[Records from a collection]
┌──
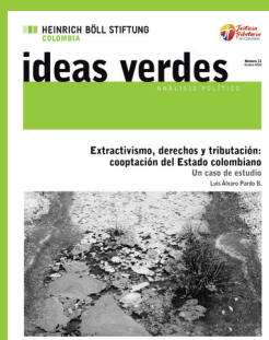
Número 11 Octubre 2018
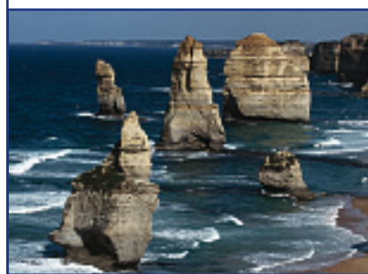
Australien, Great Ocean Road

20.12.08 - 5.1.09 Flug, Bus, ***, ****Hotels/NF, Bootsfahrt, Weinkost, Eintritte, RL: Dr. U. Stutz € 4.420,-
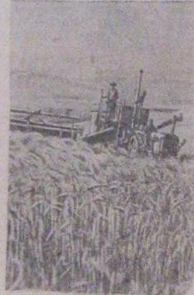
Уборка зерновых в колхозе «Кызыл-Ай» (Базар-Курганский район, Джалаля-Абадская область).
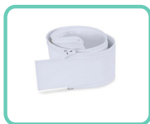
KIT DI COPERTURA DEL CAVO IN VINILE ACS-112
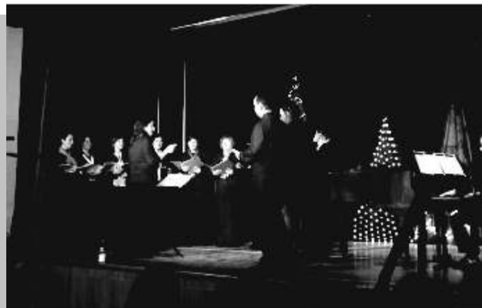
2011 - Karácsonyi műsor
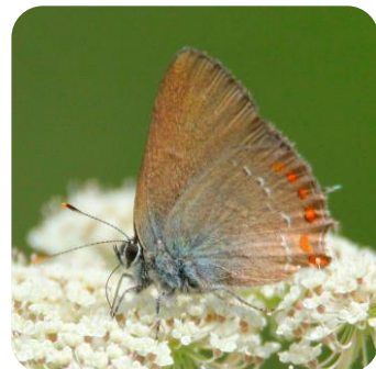
Senda de iniciación a la fotografía
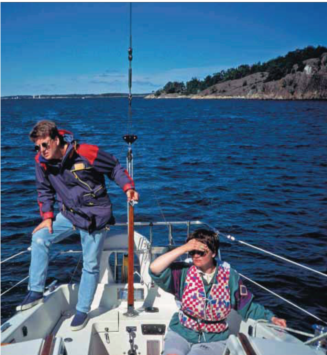
fredelig augeblikk i skjærgården.
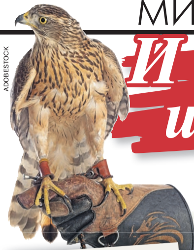
В Кремле есть подразделение Федеральной службы охраны, в штате которого состоят соколы-балобаны, их задача - отгонять ворон и «регулировать» численность голубей.

- Соколиную охоту невозможно описать, ее надо видеть, - делится впечатлениями
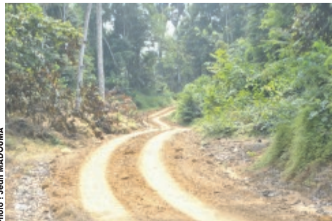
Les exploitants forestiers devraient tenir compte de l'impact environnemental.

Ces valeurs sont aussi économiques avec un potentiel de création de richesse, notamment touristique, culturelle dont le patrimoine socio-historique comme forêt sacrée. Elles sont enfin éducatives et sociales, avec un potentiel de développement d'actions pédagogiques et en faveur des populations locales.
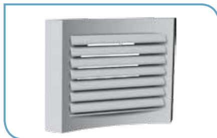
Installation plafond - TMP Ailettes inclinées
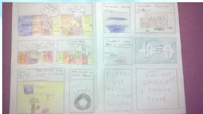
Figura 05 – Fonte: a autora

O grupo 05 desenhou um mosquito na capa e o título da história era “O Zika vírus”, tinham por personagens Beto e Júlio, que explicou detalhadamente como se transmite a zika e como podemos combater-la. Este foi o grupo que mais citou formas de combate ao mosquito. O grupo 06 relatou a história de 03 crianças que “pegou dengue” com a picada do mosquito e foram coletar os lixos para não acumular água e os mosquitos não nascerem, no caminho acharam bastante lixo que não sabiam onde colocar, o que também é um grande alerta quanto a sensibilização ambiental apresentada por alguns estudantes e o respeito ao meio ambiente. (Figura 05)
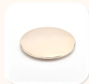
Zinc Alloy Cover
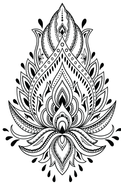
Die Lotusblume steht für Transformation, Reinheit, Liebe und spirituelle Erleuchtung.

Schwangeren Frauen, Personen mit Bluthochdruck, erhöhtem Augeninnendruck und anderen Augenkrankheiten sowie Epileptikern wird von der Teilnahme abgeraten. Bei ihnen kann das Hyperventilieren zu gesundheitlichen Schäden führen.
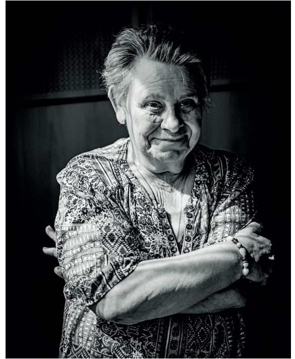
Atelier « photo-portraits » à la résidence Bévière à Grenoble.

“Quelle joie d'avoir pu rencontrer les résidents en faisant leur portrait”
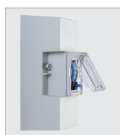
907.0.065 (CB-E8), set met klemmenafdekking
└──
[How to complete this task]
Set the lines above down again, word for word, from the first through the one containing "Figura 05 – Fonte: a autora"; pictures excluded.

[Reply to the task]
Número 11 Octubre 2018
Australien, Great Ocean Road

20.12.08 - 5.1.09 Flug, Bus, ***, ****Hotels/NF, Bootsfahrt, Weinkost, Eintritte, RL: Dr. U. Stutz € 4.420,-
Уборка зерновых в колхозе «Кызыл-Ай» (Базар-Курганский район, Джалаля-Абадская область).
KIT DI COPERTURA DEL CAVO IN VINILE ACS-112
2011 - Karácsonyi műsor
Senda de iniciación a la fotografía
fredelig augeblikk i skjærgården.
В Кремле есть подразделение Федеральной службы охраны, в штате которого состоят соколы-балобаны, их задача - отгонять ворон и «регулировать» численность голубей.

- Соколиную охоту невозможно описать, ее надо видеть, - делится впечатлениями
Les exploitants forestiers devraient tenir compte de l'impact environnemental.

Ces valeurs sont aussi économiques avec un potentiel de création de richesse, notamment touristique, culturelle dont le patrimoine socio-historique comme forêt sacrée. Elles sont enfin éducatives et sociales, avec un potentiel de développement d'actions pédagogiques et en faveur des populations locales.
Installation plafond - TMP Ailettes inclinées
Figura 05 – Fonte: a autora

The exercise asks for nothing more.